The Rare Fixation Problem

Yesterday I wrote that the per-fixation-event log-likelihood ratio in Kimura's neutral theory is about 0.84 nats at $Ns = 1$. This morning I checked the number and it's wrong. Not wildly wrong, not conceptually wrong, but wrong in a way that matters. The fix reveals something interesting about how information accumulates in rare-event systems.

The mistake

Kimura's fixation probability for a mutation with selective advantage $s$ in a population of size $N$ is:

$$u(s, N) = \frac{1 - e^{-2s}}{1 - e^{-2Ns}}$$

Under neutrality ($s = 0$), $u_0 = 1/(2N)$. At $Ns = 1$, the ratio $u/u_0 \to 2Ns/(1-e^{-2Ns}) \approx 4.63$ as $N \to \infty$. So $\log(u/u_0) \approx 1.53$ nats.

That 1.53 is the pointwise LLR: if you observe a fixation event, that's how much evidence it provides for selection over neutrality. I wrote 0.84 before (a numerical error), but the real issue isn't the number. It's that this quantity doesn't mean what I implied it means.
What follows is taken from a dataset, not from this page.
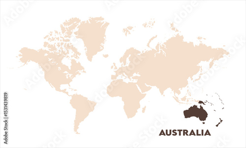 Australia highlighted on world map-11, Map of Australia, highlighted on the world map, Australia on the world map, Satellite view, Australia location on the globe.
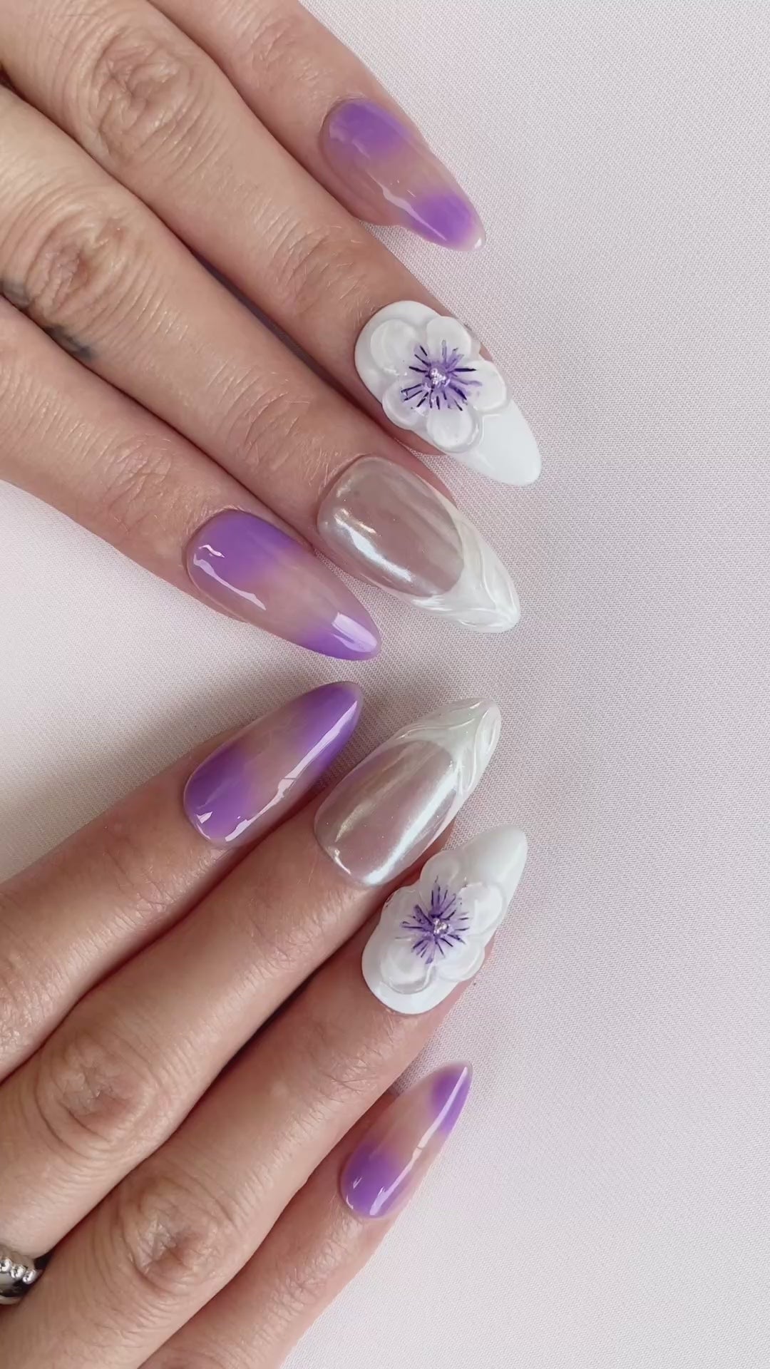 The Violet Dream nail design combines elegant purple gradients with pure white flowers, showcasing a romantic and dreamy effect. The delicate handcrafted floral design makes this nail set a perfect choice for any occasion, especially for highlighting your unique fashion sense during the spring and summer seasons.

The problem with rare events

Fixation is rare. Under both models, $u \sim 1/(2N)$. For $N = 1000$, a mutation fixes with probability roughly 0.002 under selection ($Ns = 1$) and 0.0005 under neutrality. Almost always, the mutation is lost. And loss carries almost no information: $\log((1-u)/(1-u_0)) \approx -0.002$ nats.

The expected LLR (the KL divergence between $\mathrm{Ber}(u)$ and $\mathrm{Ber}(u_0)$) averages the informative-but-rare fixation against the uninformative-but-common loss:

$$D_\mathrm{KL} = u \log\frac{u}{u_0} + (1-u)\log\frac{1-u}{1-u_0} \approx \frac{1.73}{N}$$

That's $O(1/N)$. Not $O(1)$. A single allele's fate at the Kimura crossover carries almost no expected information about selection.

$N$	$u$ at $Ns=1$	Expected LLR	$N \times$ LLR
10	0.210	0.155	1.55
100	0.023	0.017	1.71
1,000	0.0023	0.0017	1.73
10,000	0.00023	0.00017	1.73

Where the O(1) comes from

The last column is the clue. Over $N$ independent allele fates (the number of new mutations processed during one coalescent timescale of $\sim N$ generations), the accumulated evidence is $N \times 1.73/N = 1.73$ nats. That's $O(1)$.

So the crossover principle still holds, but the statement needs to be more precise:

The crossover occurs where the **total accumulated LLR over the system's natural observation window** reaches $O(1)$ nats.

For Kimura, the observation window is the coalescent timescale: $\sim N$ generations, $\sim N$ allele fates. Each fate contributes $O(1/N)$ expected evidence, totaling $O(1)$.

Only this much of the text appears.